- Opening Delimiter -

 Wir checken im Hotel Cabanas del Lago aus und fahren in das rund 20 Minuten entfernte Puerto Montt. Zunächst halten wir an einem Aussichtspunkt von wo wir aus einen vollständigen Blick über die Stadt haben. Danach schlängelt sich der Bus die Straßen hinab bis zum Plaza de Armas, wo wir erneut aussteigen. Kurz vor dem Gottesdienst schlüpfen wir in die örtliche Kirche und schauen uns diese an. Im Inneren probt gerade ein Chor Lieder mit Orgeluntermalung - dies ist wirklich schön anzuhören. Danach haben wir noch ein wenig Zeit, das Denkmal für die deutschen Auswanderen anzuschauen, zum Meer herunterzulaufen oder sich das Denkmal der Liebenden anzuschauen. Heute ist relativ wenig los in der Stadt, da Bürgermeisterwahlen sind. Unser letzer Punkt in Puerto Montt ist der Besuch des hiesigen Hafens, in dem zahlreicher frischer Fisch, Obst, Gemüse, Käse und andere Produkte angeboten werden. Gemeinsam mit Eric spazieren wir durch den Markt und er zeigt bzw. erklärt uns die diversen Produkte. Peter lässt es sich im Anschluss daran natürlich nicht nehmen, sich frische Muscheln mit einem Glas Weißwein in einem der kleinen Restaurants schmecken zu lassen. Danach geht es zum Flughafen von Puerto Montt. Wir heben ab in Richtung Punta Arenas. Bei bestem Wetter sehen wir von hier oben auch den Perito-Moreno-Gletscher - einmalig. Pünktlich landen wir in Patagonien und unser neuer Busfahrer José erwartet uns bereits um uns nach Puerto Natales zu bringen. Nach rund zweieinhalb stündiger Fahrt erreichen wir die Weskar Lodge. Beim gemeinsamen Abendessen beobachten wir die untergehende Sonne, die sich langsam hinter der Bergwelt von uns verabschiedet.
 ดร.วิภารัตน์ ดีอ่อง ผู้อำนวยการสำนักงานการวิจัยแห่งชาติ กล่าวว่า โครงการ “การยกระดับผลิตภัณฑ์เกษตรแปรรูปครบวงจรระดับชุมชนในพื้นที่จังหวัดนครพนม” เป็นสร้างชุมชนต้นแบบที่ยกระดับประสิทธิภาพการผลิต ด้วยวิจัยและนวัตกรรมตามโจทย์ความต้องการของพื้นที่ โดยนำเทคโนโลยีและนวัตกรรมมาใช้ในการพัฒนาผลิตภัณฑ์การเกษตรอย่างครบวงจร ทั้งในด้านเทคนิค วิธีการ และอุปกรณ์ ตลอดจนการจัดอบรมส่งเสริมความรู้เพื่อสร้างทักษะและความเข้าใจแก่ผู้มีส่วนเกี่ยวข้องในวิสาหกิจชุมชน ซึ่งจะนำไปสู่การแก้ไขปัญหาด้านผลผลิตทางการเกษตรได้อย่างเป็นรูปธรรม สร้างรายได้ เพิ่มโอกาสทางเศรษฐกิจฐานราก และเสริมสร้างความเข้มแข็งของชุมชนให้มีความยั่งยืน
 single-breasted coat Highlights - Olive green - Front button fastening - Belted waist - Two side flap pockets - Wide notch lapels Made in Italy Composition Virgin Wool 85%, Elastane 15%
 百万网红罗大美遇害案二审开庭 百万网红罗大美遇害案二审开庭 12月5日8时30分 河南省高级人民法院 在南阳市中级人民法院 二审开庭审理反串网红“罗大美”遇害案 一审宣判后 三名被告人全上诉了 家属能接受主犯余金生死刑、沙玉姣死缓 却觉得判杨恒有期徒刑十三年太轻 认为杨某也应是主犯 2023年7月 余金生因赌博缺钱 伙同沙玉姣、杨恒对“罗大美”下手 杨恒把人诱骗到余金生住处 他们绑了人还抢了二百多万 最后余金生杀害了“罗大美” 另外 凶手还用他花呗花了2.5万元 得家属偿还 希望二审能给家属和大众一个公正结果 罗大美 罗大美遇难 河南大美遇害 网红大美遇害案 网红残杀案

- Closing Delimiter -
- Opening Delimiter -

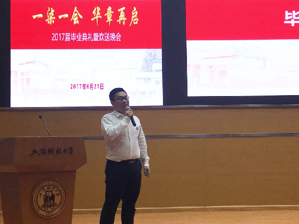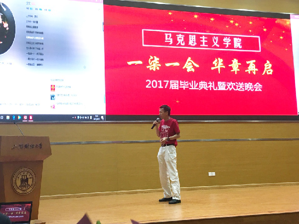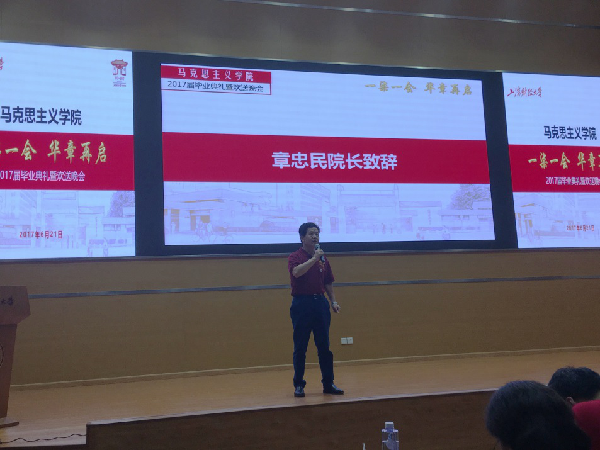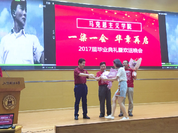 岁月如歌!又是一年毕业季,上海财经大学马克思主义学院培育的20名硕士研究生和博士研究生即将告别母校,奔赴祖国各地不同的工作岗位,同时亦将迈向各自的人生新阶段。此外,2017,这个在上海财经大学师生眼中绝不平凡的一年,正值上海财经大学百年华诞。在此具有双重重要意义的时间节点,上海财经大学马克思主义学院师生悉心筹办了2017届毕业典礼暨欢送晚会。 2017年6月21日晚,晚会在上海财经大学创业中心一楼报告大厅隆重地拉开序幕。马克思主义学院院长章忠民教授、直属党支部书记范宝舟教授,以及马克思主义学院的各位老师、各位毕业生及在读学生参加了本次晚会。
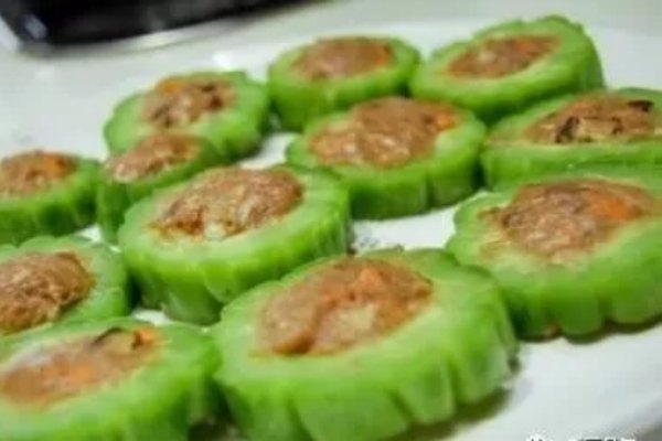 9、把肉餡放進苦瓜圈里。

- Closing Delimiter -

> _Task requirements_:
Go through the listing above and write out exactly the lines starting with the one holding "ดร.วิภารัตน์ ดีอ่อง ผู้อำนวยการสำนักงานการวิจัยแห่งชาติ" and running through the one holding "百万网红罗大美遇害案二审开庭 百万网红罗大美遇害案二审开庭 12月5日8时30分", ends included, and no others.

> _Response to the task_:
 ดร.วิภารัตน์ ดีอ่อง ผู้อำนวยการสำนักงานการวิจัยแห่งชาติ กล่าวว่า โครงการ “การยกระดับผลิตภัณฑ์เกษตรแปรรูปครบวงจรระดับชุมชนในพื้นที่จังหวัดนครพนม” เป็นสร้างชุมชนต้นแบบที่ยกระดับประสิทธิภาพการผลิต ด้วยวิจัยและนวัตกรรมตามโจทย์ความต้องการของพื้นที่ โดยนำเทคโนโลยีและนวัตกรรมมาใช้ในการพัฒนาผลิตภัณฑ์การเกษตรอย่างครบวงจร ทั้งในด้านเทคนิค วิธีการ และอุปกรณ์ ตลอดจนการจัดอบรมส่งเสริมความรู้เพื่อสร้างทักษะและความเข้าใจแก่ผู้มีส่วนเกี่ยวข้องในวิสาหกิจชุมชน ซึ่งจะนำไปสู่การแก้ไขปัญหาด้านผลผลิตทางการเกษตรได้อย่างเป็นรูปธรรม สร้างรายได้ เพิ่มโอกาสทางเศรษฐกิจฐานราก และเสริมสร้างความเข้มแข็งของชุมชนให้มีความยั่งยืน
 single-breasted coat Highlights - Olive green - Front button fastening - Belted waist - Two side flap pockets - Wide notch lapels Made in Italy Composition Virgin Wool 85%, Elastane 15%
 百万网红罗大美遇害案二审开庭 百万网红罗大美遇害案二审开庭 12月5日8时30分 河南省高级人民法院 在南阳市中级人民法院 二审开庭审理反串网红“罗大美”遇害案 一审宣判后 三名被告人全上诉了 家属能接受主犯余金生死刑、沙玉姣死缓 却觉得判杨恒有期徒刑十三年太轻 认为杨某也应是主犯 2023年7月 余金生因赌博缺钱 伙同沙玉姣、杨恒对“罗大美”下手 杨恒把人诱骗到余金生住处 他们绑了人还抢了二百多万 最后余金生杀害了“罗大美” 另外 凶手还用他花呗花了2.5万元 得家属偿还 希望二审能给家属和大众一个公正结果 罗大美 罗大美遇难 河南大美遇害 网红大美遇害案 网红残杀案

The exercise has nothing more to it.